Water is added to two containers for 16 minutes. The equations below model the ounces of water, y, in each container after x minutes. At the time after the start when the containers hold the same amount of water, how much water do they hold?
Container A: y equals 16 x plus 104
Container B: y equals negative 2 x squared plus 40x plus 160
A. 360 ounces
B. 328 ounces
C. 232 ounces
D. 136 ounces
To find the time when the containers hold the same amount of water, we need to set the two equations equal to each other:
16x + 104 = -2x^2 + 40x + 160
Simplifying and rearranging:
2x^2 - 24x - 56 = 0
Dividing by 2:
x^2 - 12x - 28 = 0
This quadratic equation can be factored as:
(x - 14)(x + 2) = 0
So the two times when the containers hold the same amount of water are x = 14 and x = -2. Since the containers are filling up with water, we only care about the positive solution x = 14.

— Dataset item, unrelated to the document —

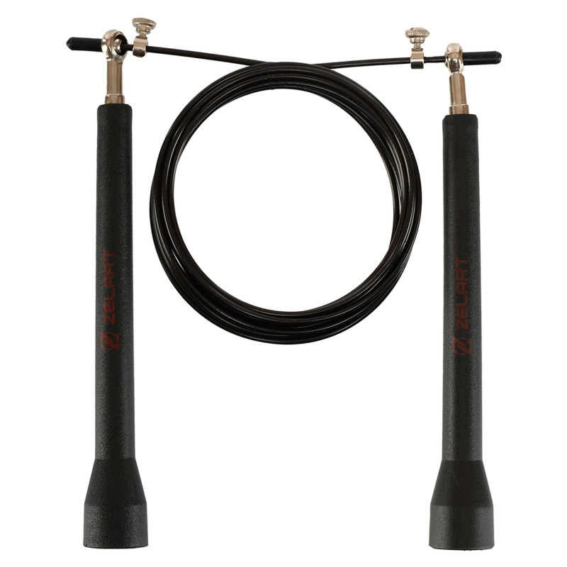 Скакалка скоростная Кроссфит с шарнирным подшипником и стальным тросом Zelart FI-4862 (l-3м, d-2,5мм, черный)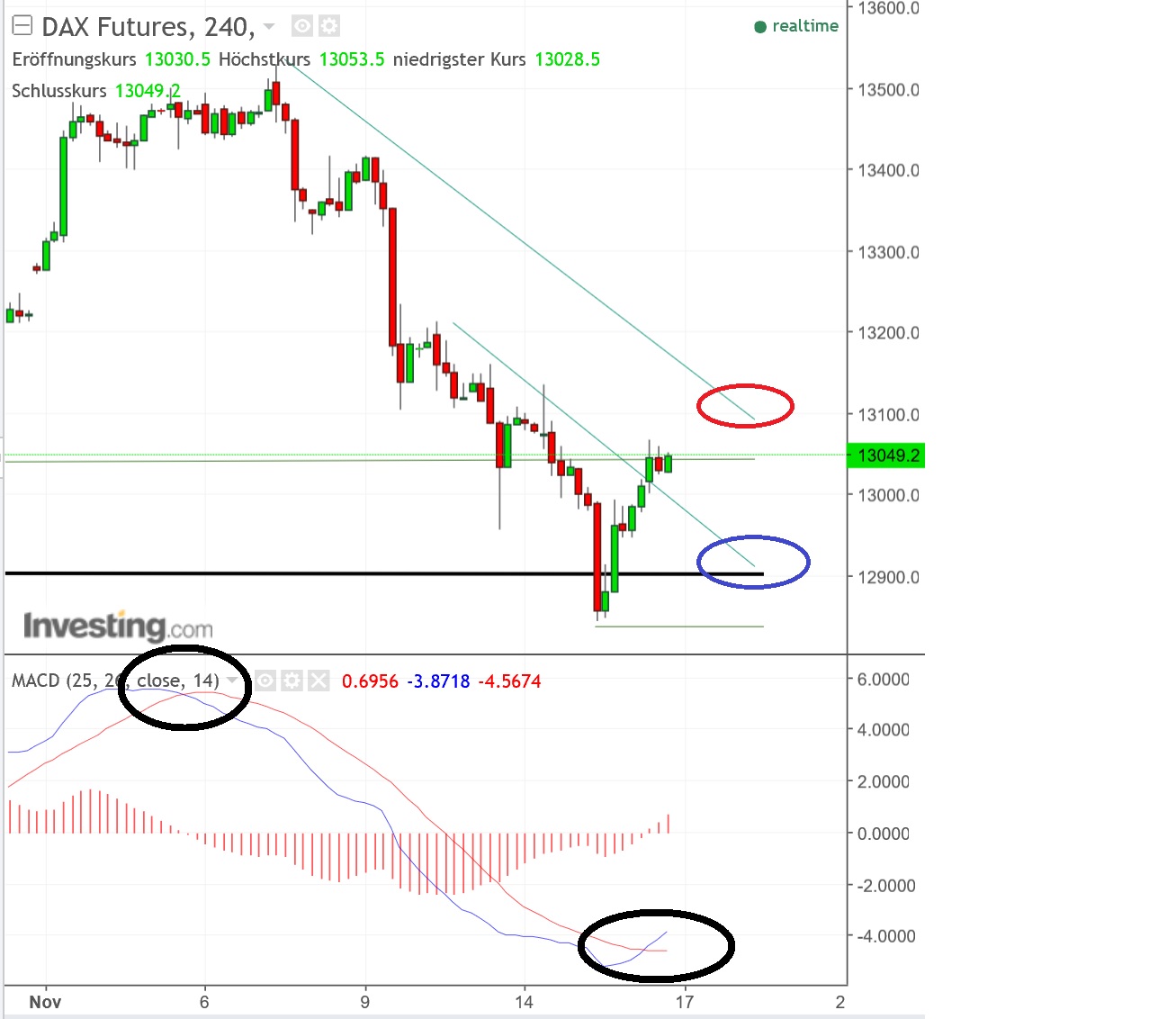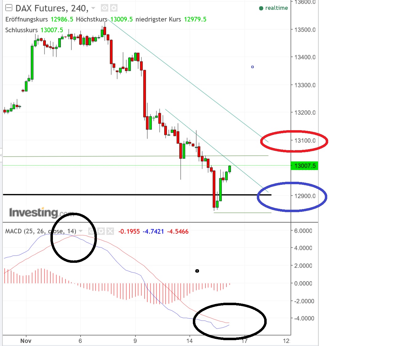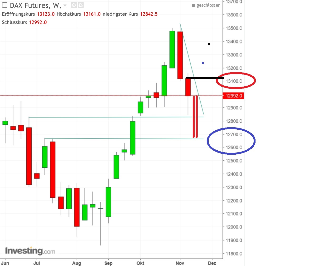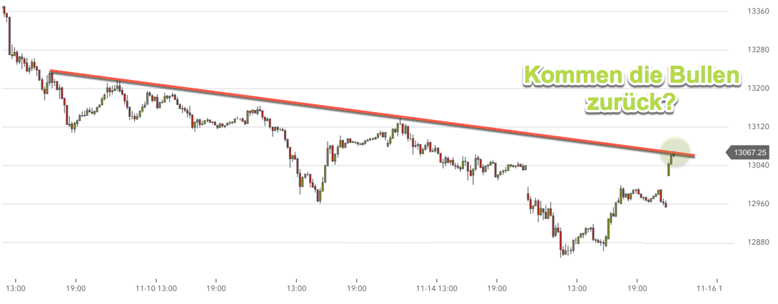 GDAXi aktuell bei 13007, schwarze Linie bei 12900 - bin darüber long ...

To find the amount of water in each container at this time, we substitute x = 14 into either equation:
Container A: y = 16(14) + 104 = 328 ounces
Container B: y = -2(14)^2 + 40(14) + 160 = 328 ounces
So the two containers hold the same amount of water, 328 ounces, at the time when they reach this level.
The answer is B. 328 ounces.
f an object is dropped from a height of 144 ft, the function h of t equals negative 16t squared plus 144 gives the height of the object after t seconds. When will the object hit the ground?
A. 1.5 s
B. 3 s
C. 6 s
D. 9 s
The object will hit the ground when its height is equal to 0. So we solve the equation:
-16t^2 + 144 = 0
Dividing both sides by -16:
t^2 - 9 = 0
This quadratic equation can be factored as:
(t - 3)(t + 3) = 0
So the two times when the object is at a height of 0 are t = 3 and t = -3. Since time cannot be negative, we only care about the positive solution t = 3.
Therefore, the object will hit the ground after 3 seconds.
The answer is B. 3 s
To find the amount of water that both containers hold at the same time, we need to set the equations for Container A and Container B equal to each other and solve for the value of y.
The equation for Container A is y = 16x + 104.
The equation for Container B is y = -2x^2 + 40x + 160.
Setting the two equations equal to each other, we have:
16x + 104 = -2x^2 + 40x + 160
Rearranging the equation, we get:
-2x^2 + 24x + 56 = 0
To solve this quadratic equation, we can use either factoring, completing the square, or the quadratic formula. In this case, factoring would be the most efficient method.
The equation can be factored as follows:
-2(x^2 - 12x - 28) = 0
By factoring the quadratic within the parentheses, we get:
-2(x - 14)(x + 2) = 0
This equation is true when either:
x - 14 = 0 or x + 2 = 0
Solving for x in each case, we find:
x = 14 or x = -2
Since we are interested in the time after the start when the containers hold the same amount of water, we only consider positive values of x. Therefore, the solution is x = 14.
To find the amount of water both containers hold at this time, we substitute x = 14 into either equation.
For Container A:
y = 16x + 104
y = 16(14) + 104
y = 224 + 104
y = 328
Therefore, at the time when the containers hold the same amount of water, they both hold 328 ounces. So, the correct answer is B. 328 ounces.